Après avoir, « par ébattement et pour exercitation de engin », développé cette assez singulière supposition, Oresme poursuit ainsi[1] :

« Mes aussi, que tels mondes soient, il n’appert ne par raison, ne par expérience, ne autrement. Et doncques, l’en ne doit pas, pour nient ne sans cause, adeviner ne mètre une chose estre, qui ne appert aucunement, ne soustenir une opinion dont le contraire est vraysemblable ; mes il est bon d’avoir considéré se c’est impossible.

» La tierce manière de mètre plusieurs mondes est que un soit du tout hors de l’autre en une espace ymaginée, si comme cuida Anaxagoras ; et ceste seule manière réprouve ici Aristote. »
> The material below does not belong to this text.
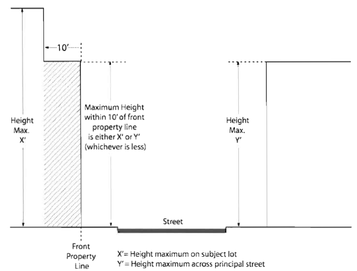 1. The maximum height within ten (10) feet of the front property line is either the height limit on the subject lot shown in the above table or the height maximum for the height area of the parcel directly across the principal street, whatever is less (see Illustration for Table 17.35.04 [Additional Regulation 1], below).

C’est afin de montrer le peu de fondement des arguments d’Aristote que Nicole Oresme nous va maintenant exposer sa théorie nouvelle du lieu naturel des éléments et de la pesanteur. Voici, en effet, quelle est la suite de son discours[2] :

« Mes il me semble que ces raisons ne concludent pas évidemment ; car la première et la plus principale est que se plusieurs telz mondes estoient, il s’ensuivroit que la terre de l’autre monde fust encline a estre meue au centre de cestui et ecorwerso

  1. Nicole Oresme, loc. cit., fol. 20, col. d.
  2. Nicole Oresme, loc. cit, fol. 20, col. d, et fol. 21, col. a, b et c.